===== Material provided =====

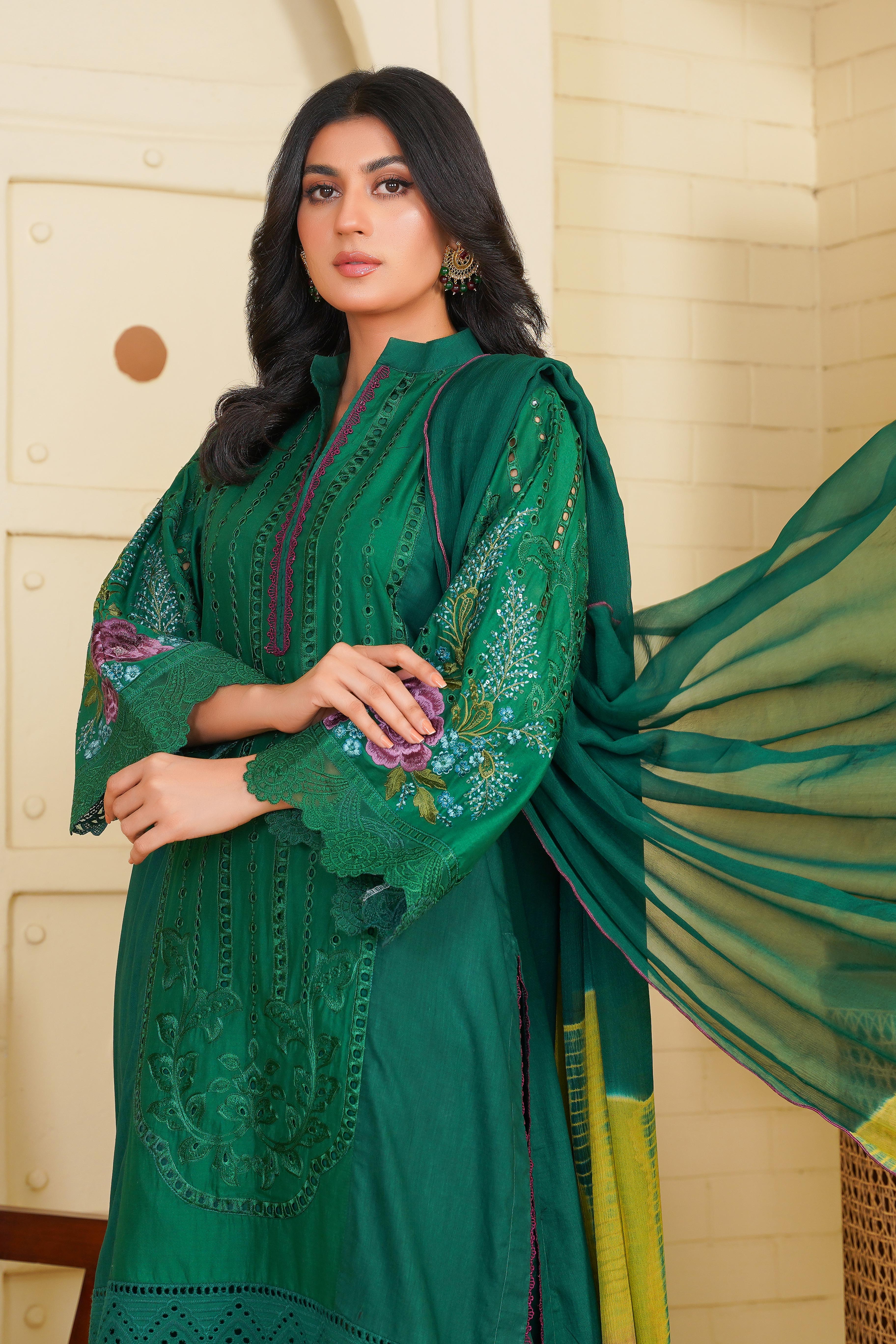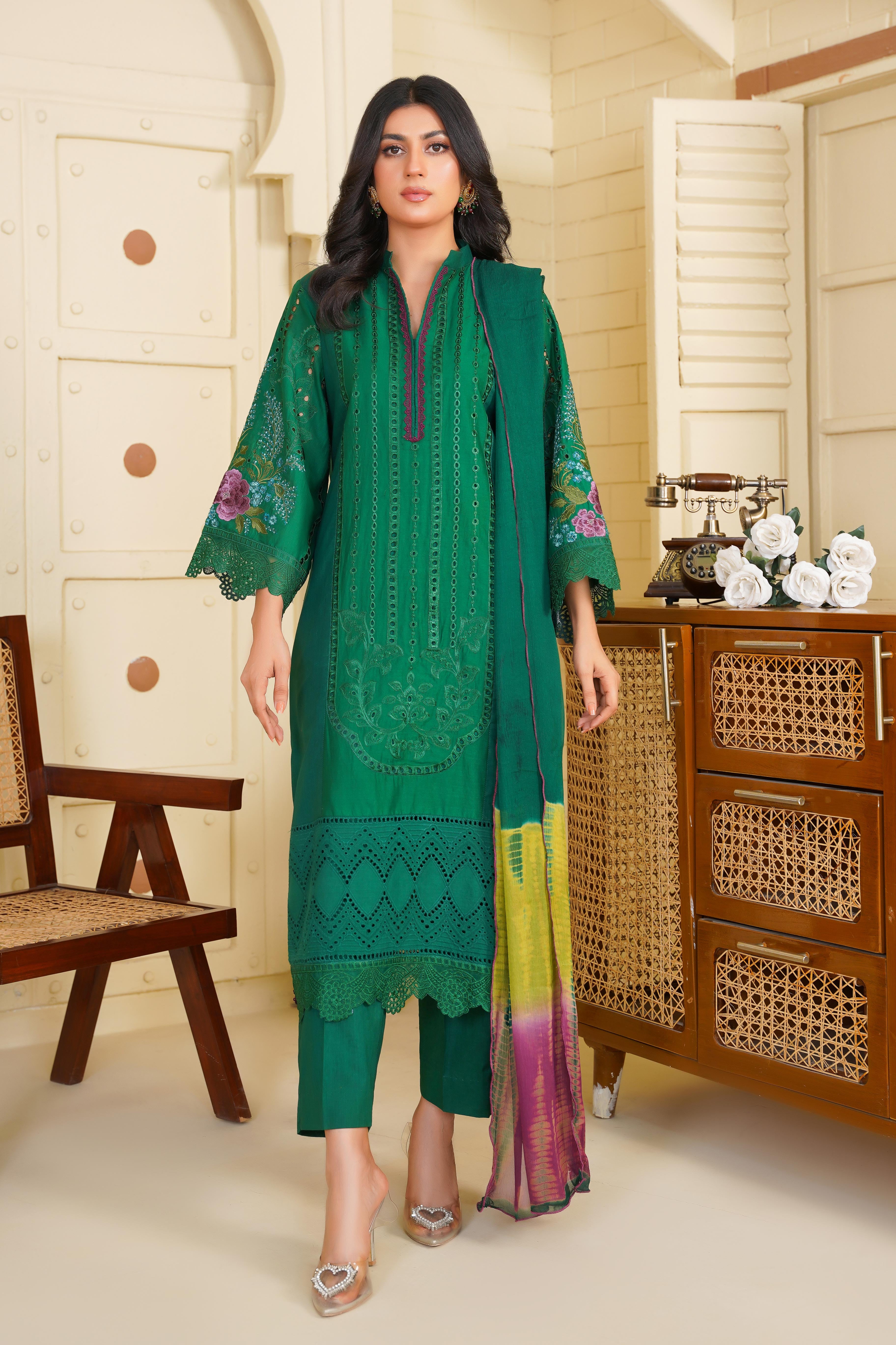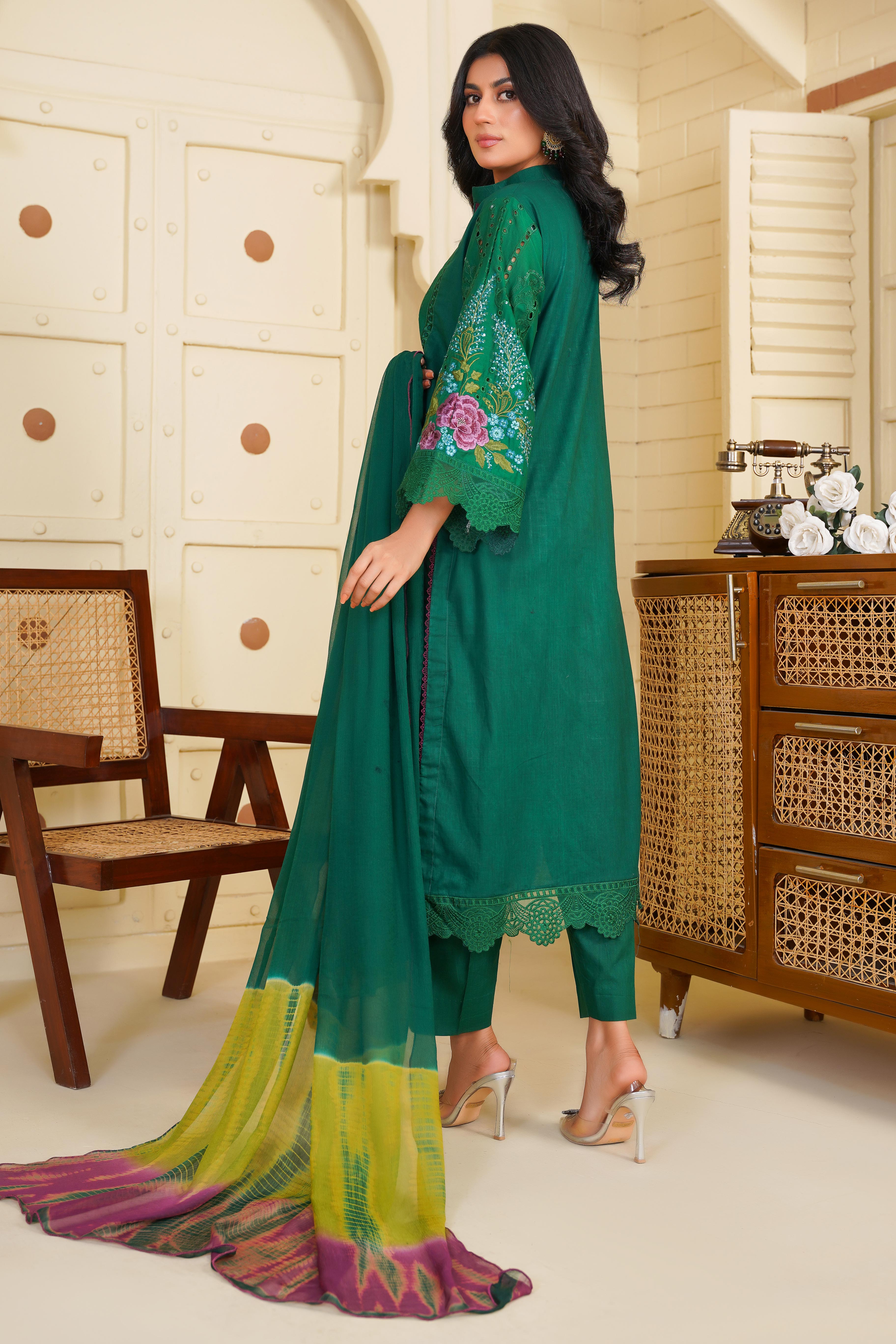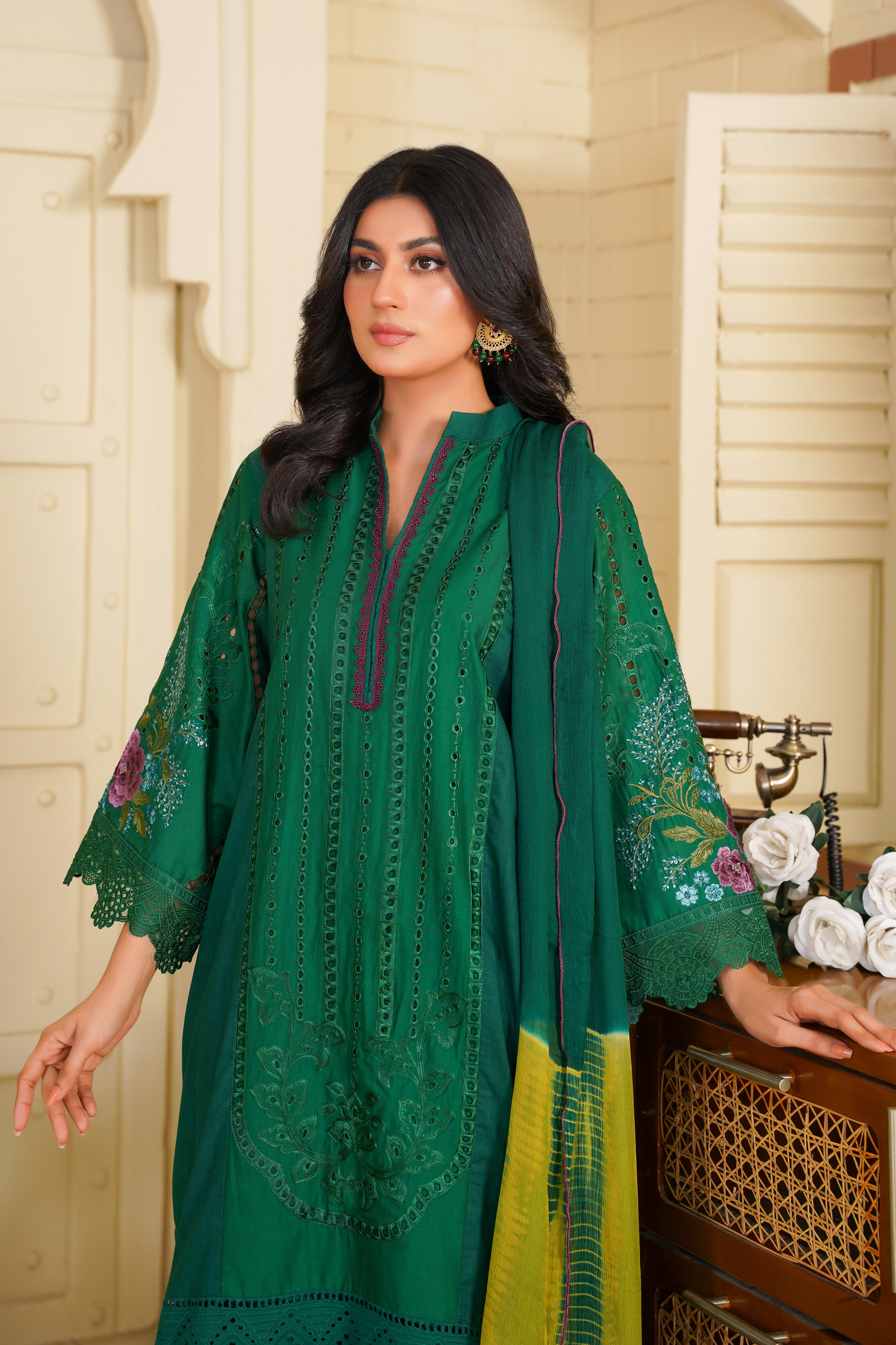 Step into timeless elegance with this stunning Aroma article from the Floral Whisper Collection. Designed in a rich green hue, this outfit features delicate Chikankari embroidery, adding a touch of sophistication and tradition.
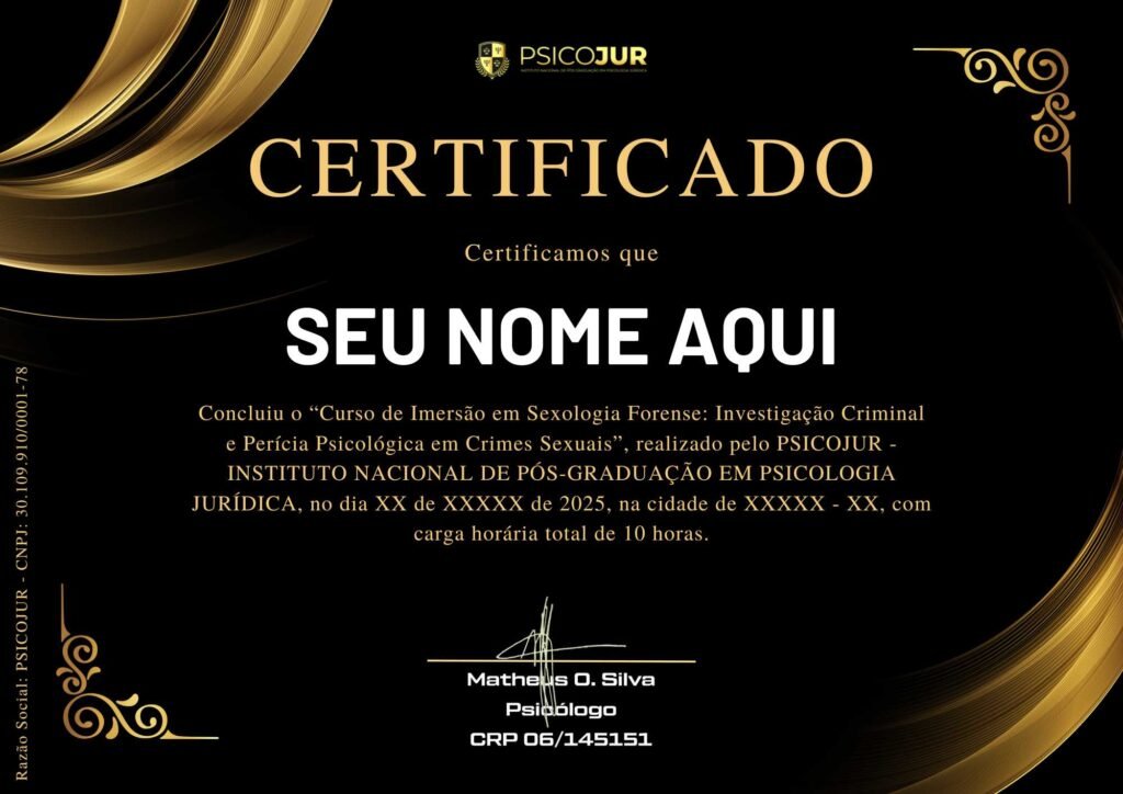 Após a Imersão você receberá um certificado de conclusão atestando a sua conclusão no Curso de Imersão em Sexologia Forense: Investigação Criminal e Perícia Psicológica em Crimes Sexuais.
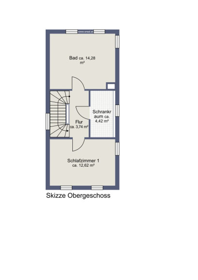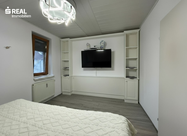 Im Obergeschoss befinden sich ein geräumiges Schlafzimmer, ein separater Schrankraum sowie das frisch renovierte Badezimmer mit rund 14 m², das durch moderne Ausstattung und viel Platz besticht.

=====

What the task asks: Return the lines above exactly; the images are not part of the copy.

Written answer:
 Step into timeless elegance with this stunning Aroma article from the Floral Whisper Collection. Designed in a rich green hue, this outfit features delicate Chikankari embroidery, adding a touch of sophistication and tradition.
 Após a Imersão você receberá um certificado de conclusão atestando a sua conclusão no Curso de Imersão em Sexologia Forense: Investigação Criminal e Perícia Psicológica em Crimes Sexuais.
 Im Obergeschoss befinden sich ein geräumiges Schlafzimmer, ein separater Schrankraum sowie das frisch renovierte Badezimmer mit rund 14 m², das durch moderne Ausstattung und viel Platz besticht.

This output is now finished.